Tag Archives: Sparkler Monthly

Orange Junk Volume 2

The awkward feelings between Louise and Bruce are growing, though it seems like Louise will never realize what’s going on in Bruce’s head. But when Bruce’s family runs into even more financial trouble and he needs money fast, a modeling competition may be the best–and most embarrassing–way to solve all his problems at once.

Orange Junk Volume 2
orangejunk_vol2_ebookcover_finalBy Heldrad
Publisher: Chromatic Press
Age Rating: Teen
Genre: Romantic Comedy
Price: $6.00/eBook – Free at Sparkler Monthly
Rating: ★★★★½

The second volume of Orange Junk starts a new arc that takes the characters out of school and into a modeling competition. The change of venue brings in new characters, including a rival for Louise’s affections, and plenty of new opportunities for comedy and drama.

I really enjoyed this second volume, possibly more than the first. While the series does use the shojo tropes well, all the time spent at school was starting to drag. This volume changes that as the characters move into new environments. Bruce’s mother has to be hospitalized, and as the bread-winner with no insurance, it’s up to him to try to find a way to cover everything. Enter the male modeling competition with a cash prize for 1st place. While Bruce is away, Drew and Louise spend more time at Bruce’s helping out with his siblings and being all domestic. Drew is really cute with the kerchief on his head, baby on his back and broom in his hand. While Louise isn’t much help domestically, it is a chance to get out of her house and away from the drama brewing there. While we don’t see it as much in this volume, there are subtle hints that things may be getting worse instead of better.

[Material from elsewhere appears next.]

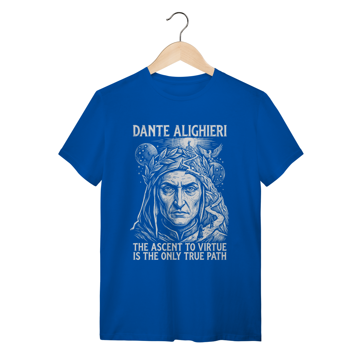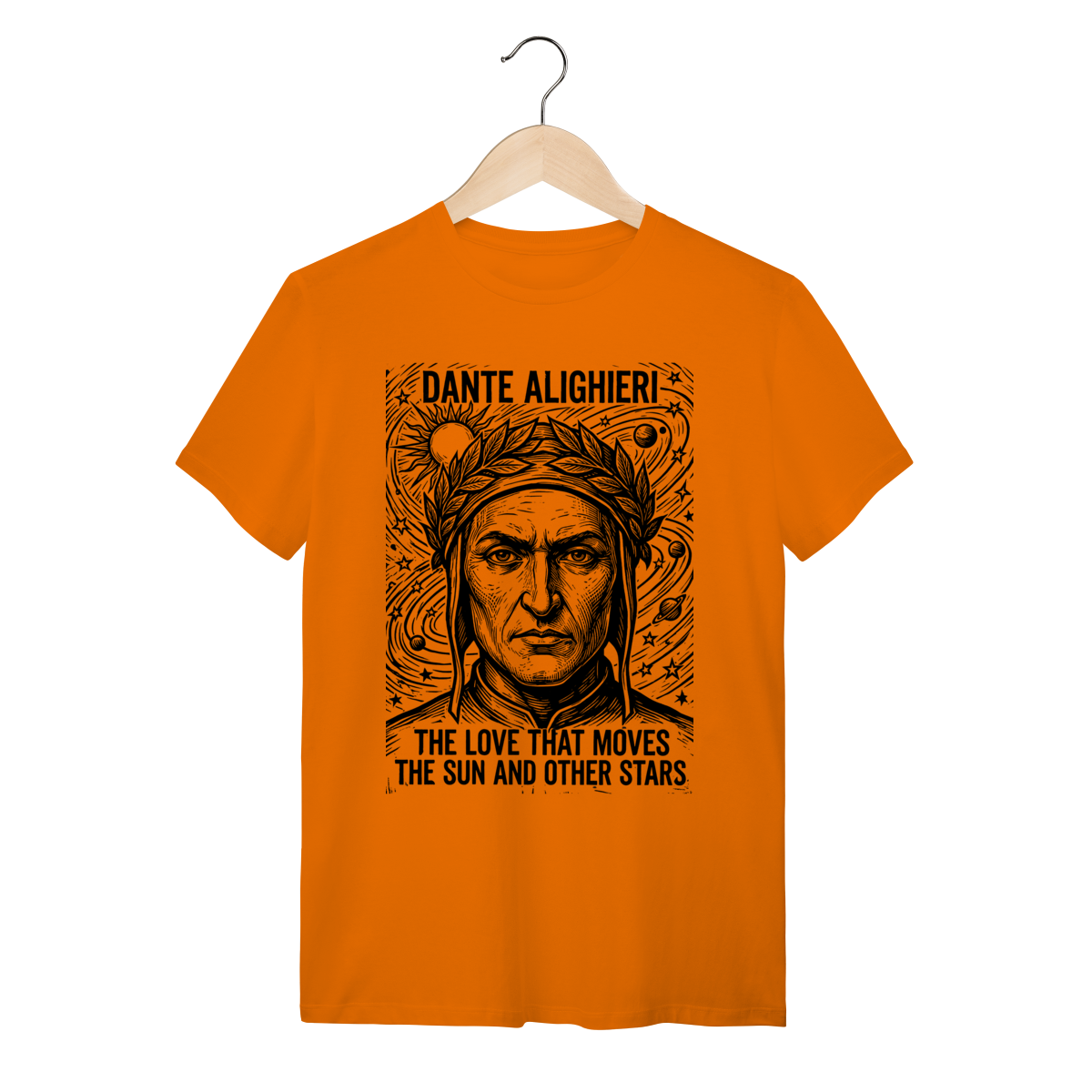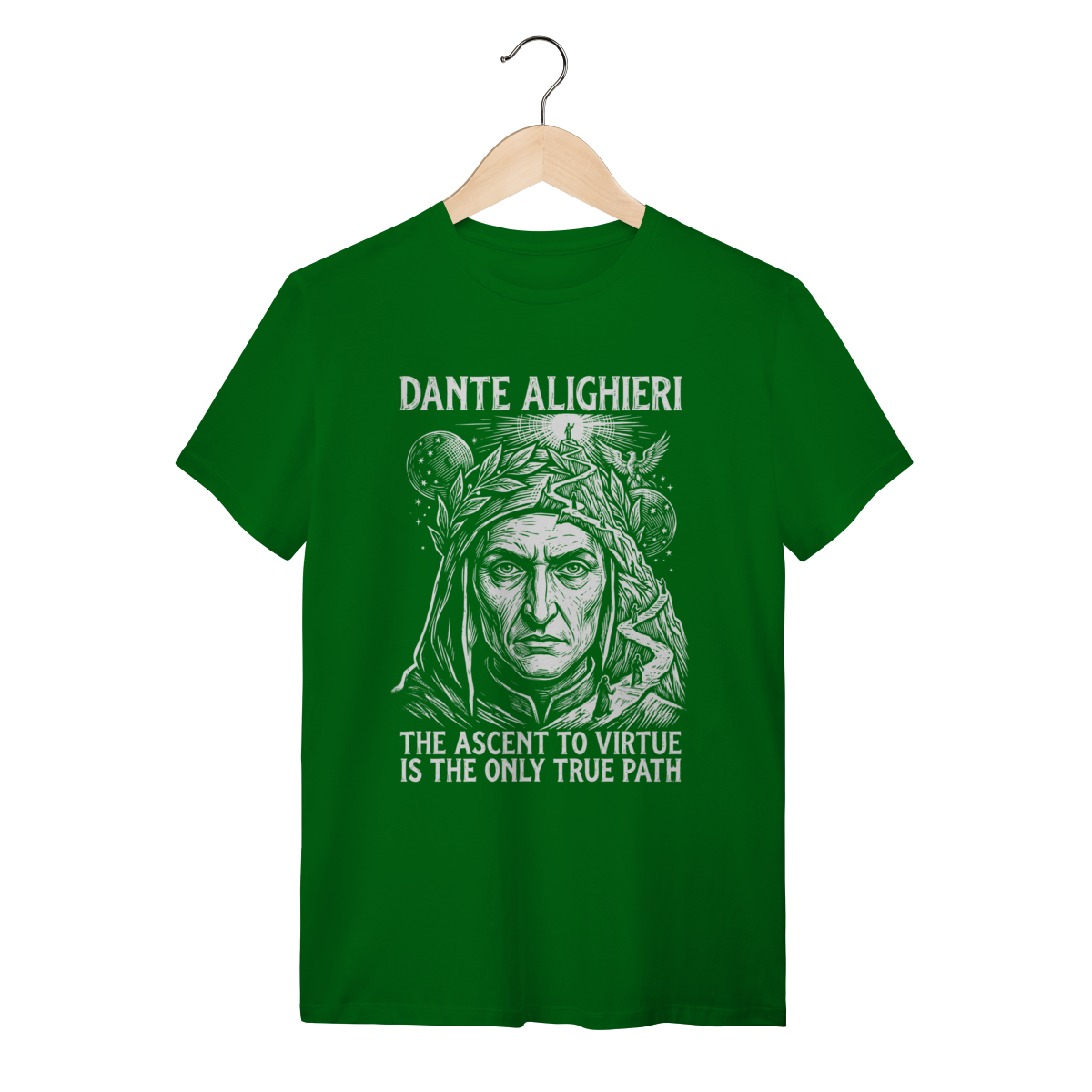 Camiseta básica, estampa frontal, centralizada de: Dante Alighieri, o sumo poeta italiano cuja obra-prima A Divina Comédia mapeou a jornada da alma humana através do inferno, purgatório e paraíso, fundando as bases da língua e cultura moderna.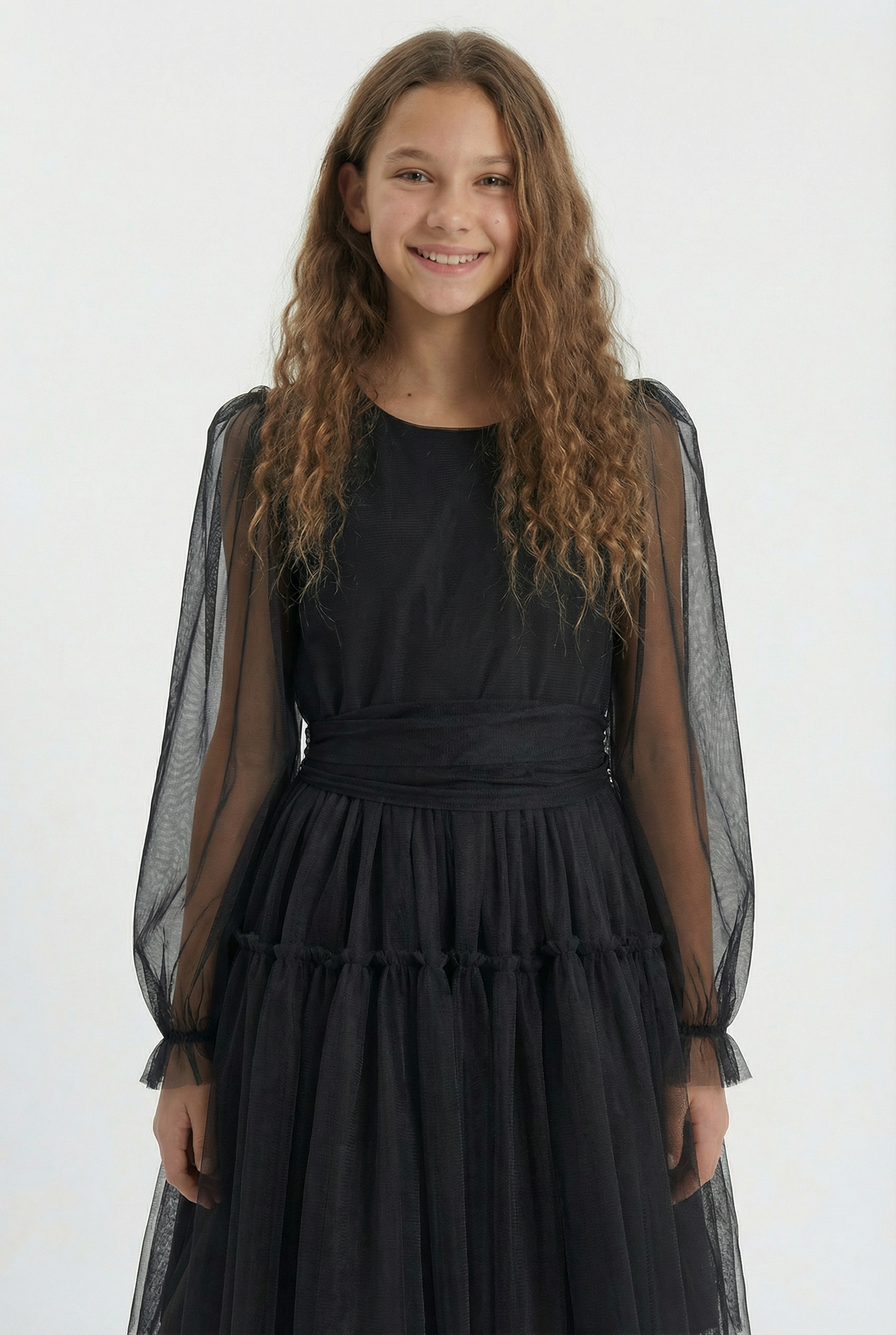 De Holly-jurk is een meesterwerk van hedendaagse kindermode. Deze prachtige zwarte tulejurk combineert de warmte van lange mouwen met de luchtige elegantie van een tulen rok, waardoor een look ontstaat die zowel verfijnd als comfortabel is. Ideaal voor de herfst- en wintermaanden, wanneer uw dochter er stralend uit wil zien zonder het warm te hebben.

The modeling competition is really where all the fun and excitement is. Bruce’s change from tough guy to chic is amazing, though I do like his “hedgehog” hair better. It’s cute seeing how uncomfortable and vulnerable he was answering the personal questions, going through the makeover, and walking the runway in a speedo. A couple of new characters are also introduced. Ryan is one of modeling competitors, who Louise calls Flower Boy. He looks much younger than his stated 21 years, and isn’t really interesting in winning the competition. He becomes friends with Bruce. Miles Reagan, who Bruce’s sister Jenny calls “Refined Boy,” is the son of the man who cause Louise’s family to go bankrupt. He has feelings for Louise and thinks he can turn her around and get her to reciprocate them. The scene where he first talks to Louise with Ryan and Bruce is really funny and shows everyone’s level of comprehension of the situation. It was great.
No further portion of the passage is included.